Wang Huangsheng: Lifelines
王璜生:不息之線
3812 Gallery, Hong Kong
3 - 12 Sept 2019
About
And when the shadow fades and is no more, the light that lingers becomes a shadow to another light. And thus your freedom when it loses its fetters becomes the fetter of a greater freedom.
Kahlil Gibran, The Prophet (1923)
In Lifelines, a range of works by the distinguished artist Wang Huangsheng are brought together in a public civic space in the centre of Hong Kong and at 3812 Gallery. ‘Lifeline’ is a term in English that implies the saving of life when one is in urgent need of help and the connotation of rescue is here intended culturally, as a metaphor for Wang’s lines as cultural thread, just as the trunk of a tree steadily grows upwards, supporting all the branches, his lines form the key element throughout his oeuvre. As an important member of the art world and someone whose roles have navigated being a museum director, a founder of large-scale art events such as the Guangzhou Triennial and pursuing his own artistic practice over many years, Wang’s persistent artistic output and creativity can indeed be understood as a lifeline. His varied professional and artistic life has art at its centre, both publicly and privately.

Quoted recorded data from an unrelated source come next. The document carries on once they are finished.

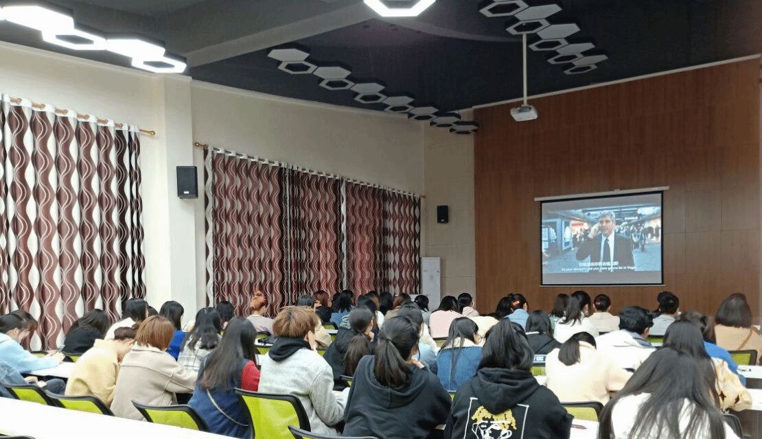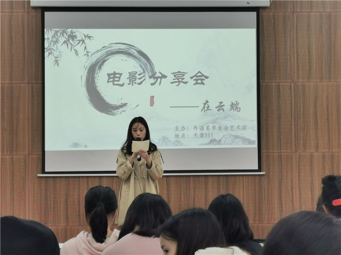电影是由活动照相术结合幻灯放映发展起来的一种综合性现代艺术。2019年11月13日下午16:20,由外语系WINK艺术团主办的艺术修养活动国外影视分享会在天渠111(报告厅)开展。参加此活动的嘉宾有外语系艺术修养与实践指导老师谭雯、电影协会社长欧阳琪、邓雅珲同学以及报名参与此次分享会的同学们。
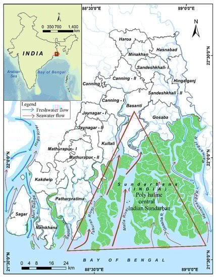 - Zaman, S.; Bhattacharyya, S.B.; Pramanick, P.; Raha, A.K.; Chakraborty, S.; Mitra, A. Rising water salinity: A threat to mangroves of Indian Sundarbans. In Water Insecurity: A Social Dilemma (Community, Environment and Disaster Risk Management); Abedin, M.A., Habiba, U., Shaw, R., Eds.; Emerald Group Publishing Limited: Bingley, UK, 2014; pp. 167–183. [Google Scholar]
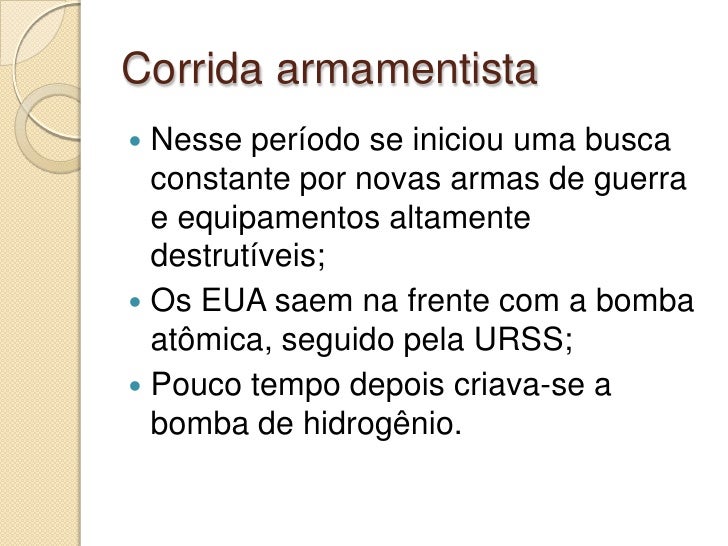 9. 9. Corrida armamentista Nesse período se iniciou uma busca  constante por novas armas de guerra e equipamentos altamente destrutíveis;  Os EUA saem na frente com a bomba atômica, seguido pela URSS;  Pouco tempo depois criava-se a bomba de hidrogênio.
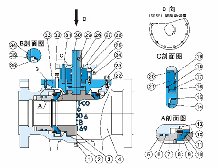 5、力矩小,密封可靠,球形結構的閥座與普通球閥不一樣,可以自動調(diào)整密封位置;
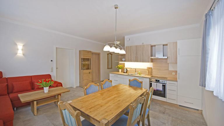 Die Wohneinheiten des Appartementhauses sind mit Parkettböden ausgestattet und verfügen über eine voll ausgestattete Küche, die einen Kühlschrank, Geschirrspüler, Ofen, Herdplatte und Wasserkocher einschliesst. Ein Essbereich und ein Flachbild-TV mit Kabelkanälen sind ebenfalls vorhanden. Jedes Appartement beinhaltet ein eigenes Badezimmer mit Dusche. Es sind Familienzimmer verfügbar.
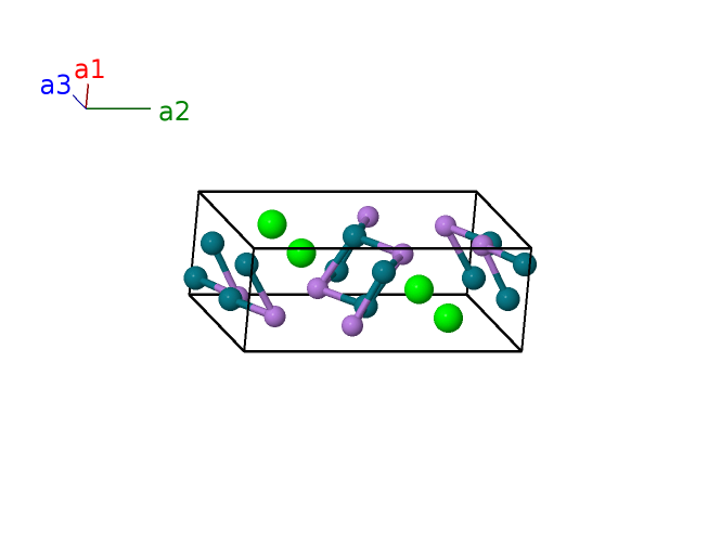 | $\mathbf{B_{6}}$ | = | $- x_{2} \, \mathbf{a}_{1}+\left(y_{2} + \frac{1}{2}\right) \, \mathbf{a}_{2}- \left(z_{2} - \frac{1}{2}\right) \, \mathbf{a}_{3}$ | = | $- \left(a x_{2} + c \left(z_{2} - \frac{1}{2}\right) \cos{\beta}\right) \,\mathbf{\hat{x}}+b \left(y_{2} + \frac{1}{2}\right) \,\mathbf{\hat{y}}- c \left(z_{2} - \frac{1}{2}\right) \sin{\beta} \,\mathbf{\hat{z}}$ | (4e) | As II |
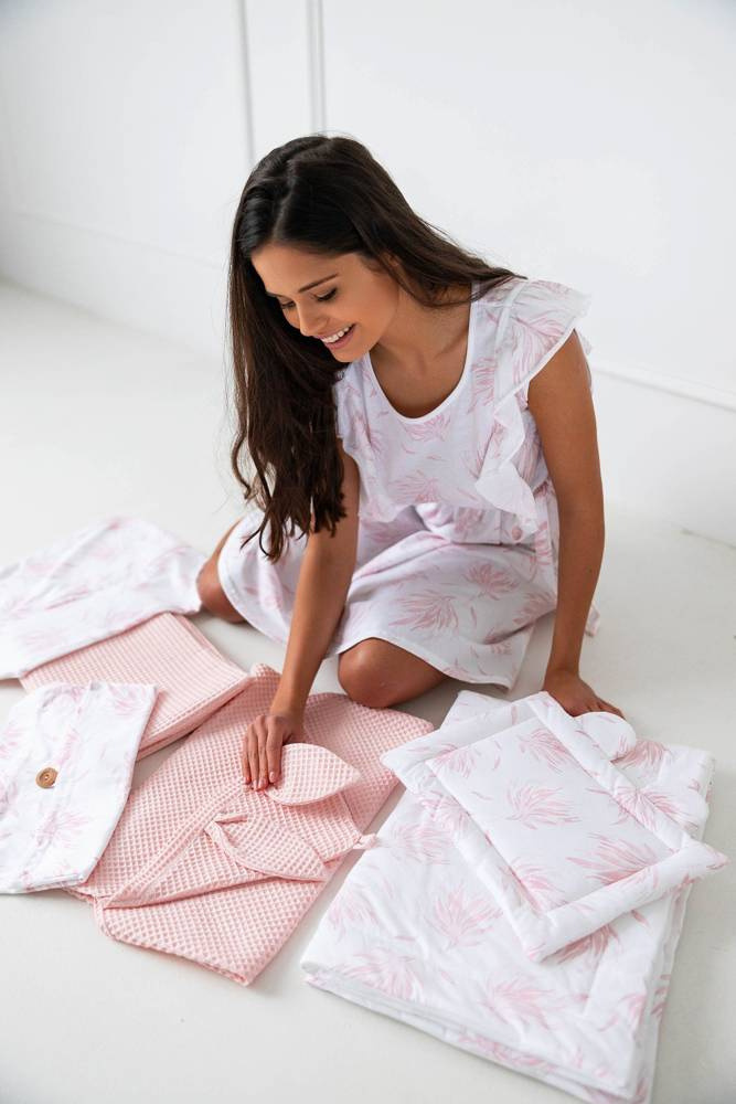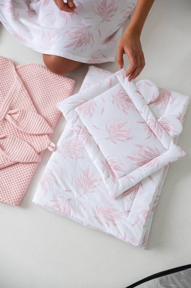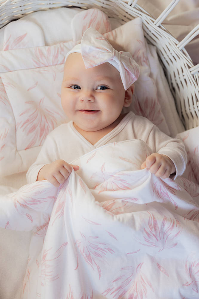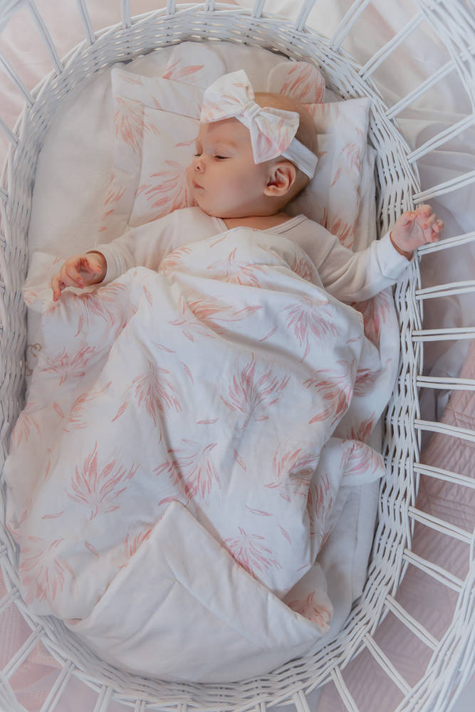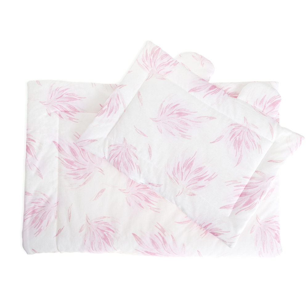 Komplet pościeli niemowlęcej Margaret. Model z wysokiej jakości bawełny. Jedna strona kołderki wzorzysta, druga biała - poduszeczka z ozdobnymi uszkami. Skład: 100% bawełna

Over the years, in his expansive ink practice, Wang’s pursuit of line has departed from a more classical mode in his earlier works to a more experimental abstraction that take various forms - from dense clusters of curvaceous lines lightly swooping in and out to express a sense of uninterrupted movement in space, through to more horizontal modes of thicker lines in his more recent works that are softly textured yet rigorous and bold. Though brush and ink are his principal medium, he also works with textiles, resin, newspaper and barbed wire, expanding his visual language in sustained bodies of work that contain ideas of vision, trace, and metaphor as central threads, each series visually evoking an undefinable visceral sense of being and aesthetic experience.
In particular, in the last few years, Wang’s exploration have allowed an engagement with the dynamics of line as an expanded element that has been increasingly freed from representation and containment of form. Newer works here include further explorations of line and composition, as well as non-legible ‘calligraphic’ paintings that verge on, but do not actually form, language, that in his words, ‘recall his classical self as a teenager’, when he fervently took up the passion of poetry. The suggestive quality of these works and the expansion of Wang’s distinct artistic language are important additions to his earlier series.

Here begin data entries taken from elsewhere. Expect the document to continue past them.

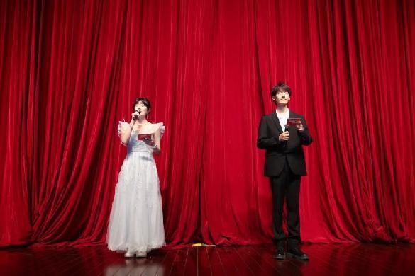 装饰2431班林桐、网络2171班周新洋主持合唱比赛
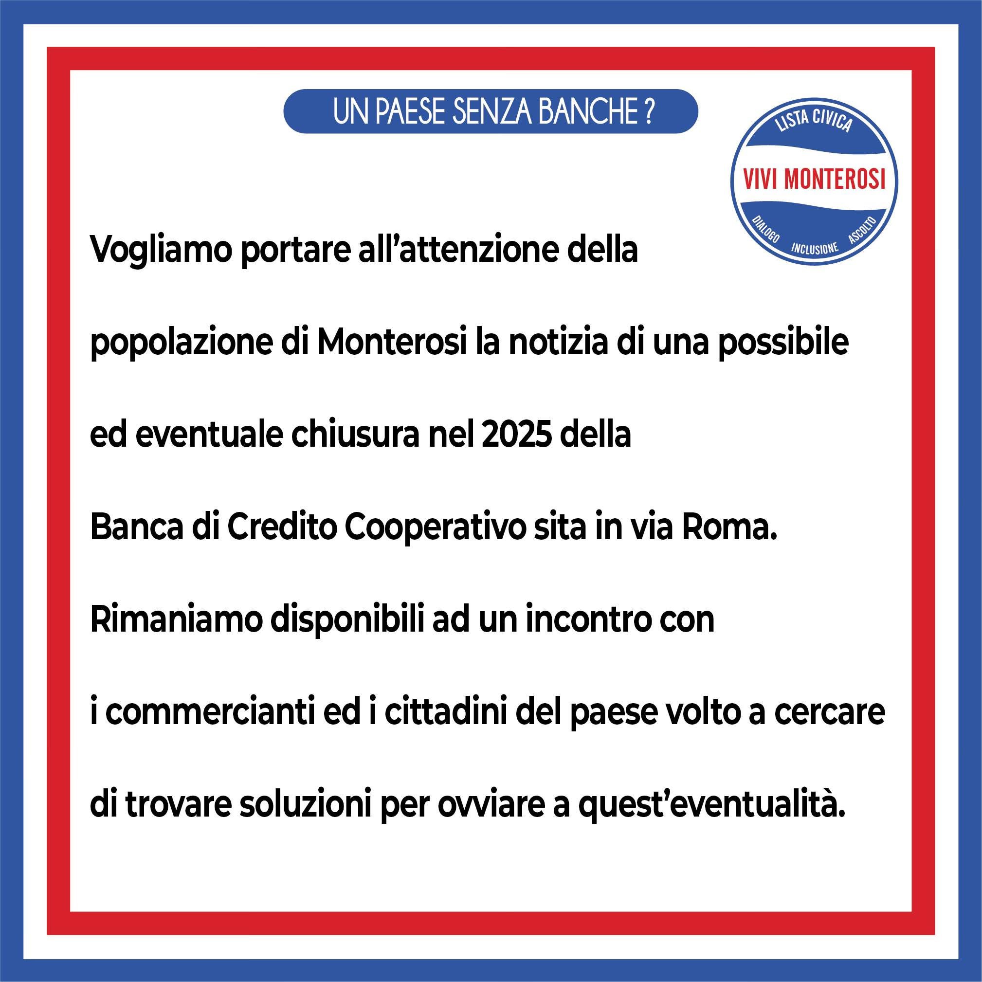 I consiglieri di minoranza “Vivi Monterosi”, attraverso una pagina Facebook creata lo scorso 28 ottobre, hanno lanciato un allarme riguardo alla possibile ed eventuale chiusura della filiale della Banca di Credito Cooperativo (BCC) situata in via Roma. Nel comunicato pubblicato, i consiglieri hanno espresso preoccupazione per quella che definiscono una potenziale chiusura prevista per il 2025. La notizia arriva dopo una già recente chiusura della filiale di Intesa San Paolo, che ha lasciato il paese con un servizio bancario limitato.
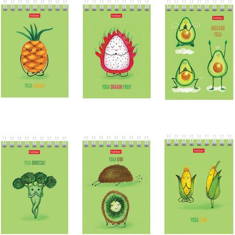 Блокнот МАЛЫЙ ФОРМАТ А7 75х105 мм, 60 л., гребень, картон, клетка, HATBER, "Йога-Фитнес", 066625, 60Б7В1гр
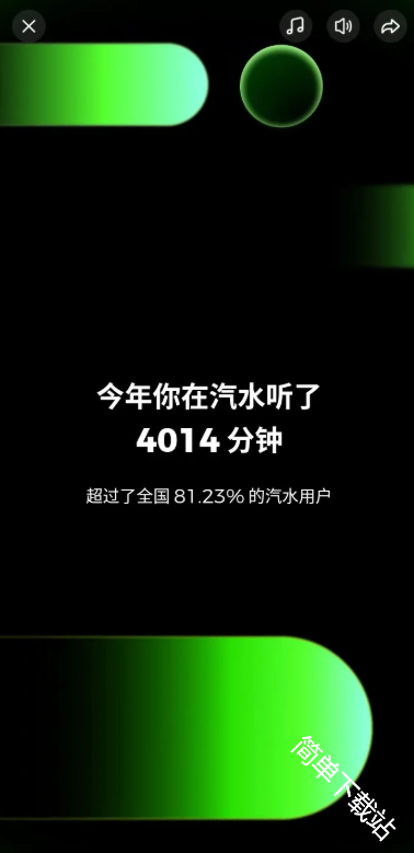 打开汽水音乐后,点击弹窗、挂件、banner等位置即可进入活动开启,可以看到总结的在汽水音乐中听歌的时长和年度最爱歌曲等相关信息内容,还会有最爱歌手等。
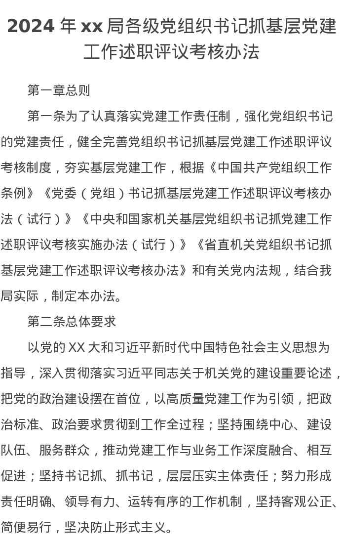 2024年xx局各级党组织书记抓基层党建工作述职评议考核办法

Indeed, in Lifelines, there is one further theme - that of language. Lines are in everything we read, in lines of text but also as the basic component that form words, whether in Chinese characters or the Roman alphabet, or indeed any script. Writing is essentially line and how it formed into so many variant kinds of script feels mysterious and arbitrary, recalling our ancient past and the foundation of different cultures. There is a tension in Wang’s work in the balance of the lines, suggestive of calligraphy, the fundamental tenet of ink painting, in the need for compositional harmony. His recent series are finely wrought pieces of almost-language-abstract brush-marks of poetic thin lines of controlled chaos calling to mind the wild cursive script that ‘flies’ across the paper. The idea of language can be explored as a key form of human communication, with the relationship of ‘langue’ (language) and ‘parole’ (speech), as developed by Saussure separating an overall system from what we actually write or say, the specifics of human interaction. Here, language becomes a memory, an illusion, and a trace, of meaning that has passed. The ephemerality of experience echoes the Buddhist notion of emptiness (‘that which is form is emptiness, that which is emptiness for) the last line of the Heart Sutra, extracts of which are inscribed in Wang’s hand on his recent Moving Image (2017/18) series.
Lifelines will showcase Wang’s magnificent new series of calligraphic works Daily-Practice, the Prose Poetries. Wang believes: ‘Daily-Practice is a way for the Chinese to cultivate cultures. We would waste thousands of paper sheets just for practicing calligraphy, but poetry writings are more like playing a game of expressing emotions.’ During the daily practice of calligraphy, Wang rewrote some of his classical poetries created in his youth in the 1970s, infusing colours into fluid cursive script and thereby combining painting and calligraphy into one. The colours blue, yellow and green mark the works’ mood in this series, blended with water and ink on Xuan paper. Through the practice as a daily ritual, the artist is to attain “cultivation” and “enlightenment”. The “chaotic” script where characters overlay each other contains the artist’s classical sensibility, as well as a fusion of aesthetic and conceptual meanings that echo and reverberate with the past.
The exhibition is curated by Katie Hill, Director of the Office of Contemporary Chinese Art.